*** DATA SHOWN ***
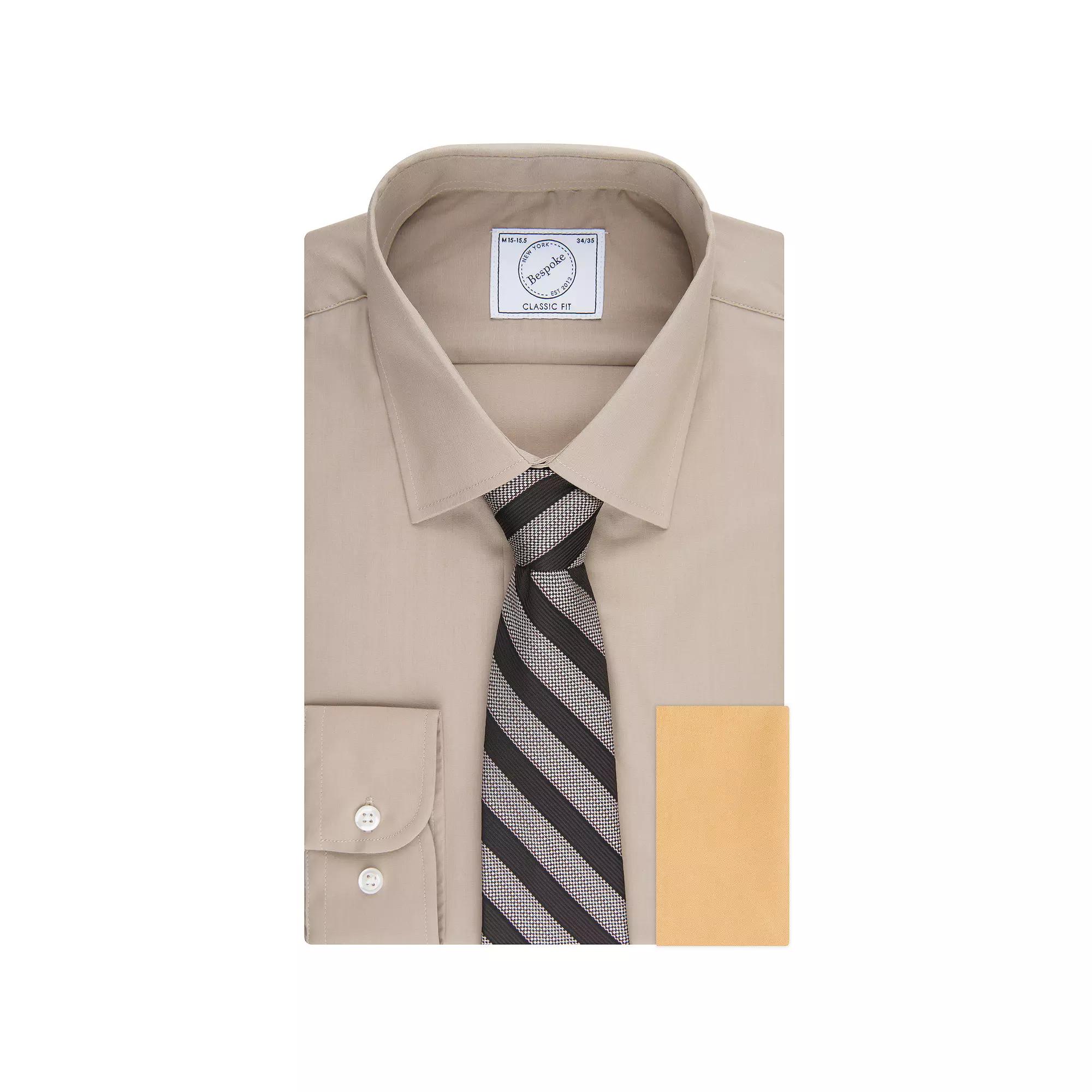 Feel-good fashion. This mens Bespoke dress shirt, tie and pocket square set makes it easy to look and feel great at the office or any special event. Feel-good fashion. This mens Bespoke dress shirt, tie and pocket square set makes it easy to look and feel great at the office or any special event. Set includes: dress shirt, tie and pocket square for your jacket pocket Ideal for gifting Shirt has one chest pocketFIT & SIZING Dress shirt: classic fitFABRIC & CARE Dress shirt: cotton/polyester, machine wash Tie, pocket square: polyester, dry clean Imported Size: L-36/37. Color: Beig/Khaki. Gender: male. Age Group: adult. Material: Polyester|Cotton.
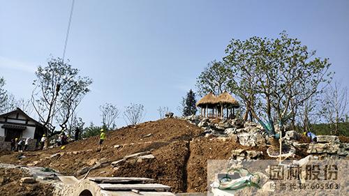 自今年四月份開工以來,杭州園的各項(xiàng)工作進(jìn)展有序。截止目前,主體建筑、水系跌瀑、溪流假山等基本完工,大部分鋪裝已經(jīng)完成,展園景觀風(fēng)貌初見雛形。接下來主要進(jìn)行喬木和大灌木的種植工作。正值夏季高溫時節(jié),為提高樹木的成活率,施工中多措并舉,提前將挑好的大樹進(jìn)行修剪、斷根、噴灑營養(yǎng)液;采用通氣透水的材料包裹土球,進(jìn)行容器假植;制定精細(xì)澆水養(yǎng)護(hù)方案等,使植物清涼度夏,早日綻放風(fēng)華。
*** End of DATA SHOWN ***
*** DATA SHOWN ***
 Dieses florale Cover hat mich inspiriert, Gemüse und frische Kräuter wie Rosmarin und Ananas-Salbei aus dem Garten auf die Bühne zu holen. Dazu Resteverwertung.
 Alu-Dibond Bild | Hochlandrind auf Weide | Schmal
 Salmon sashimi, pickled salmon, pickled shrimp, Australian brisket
*** End of DATA SHOWN ***
The exact lines of the material above starting at the one that contains "Alu-Dibond Bild |" and ending at the one that contains "Salmon sashimi, pickled" are what to retype; leave out everything else.

* RESULT BELOW:
 Alu-Dibond Bild | Hochlandrind auf Weide | Schmal
 Salmon sashimi, pickled salmon, pickled shrimp, Australian brisket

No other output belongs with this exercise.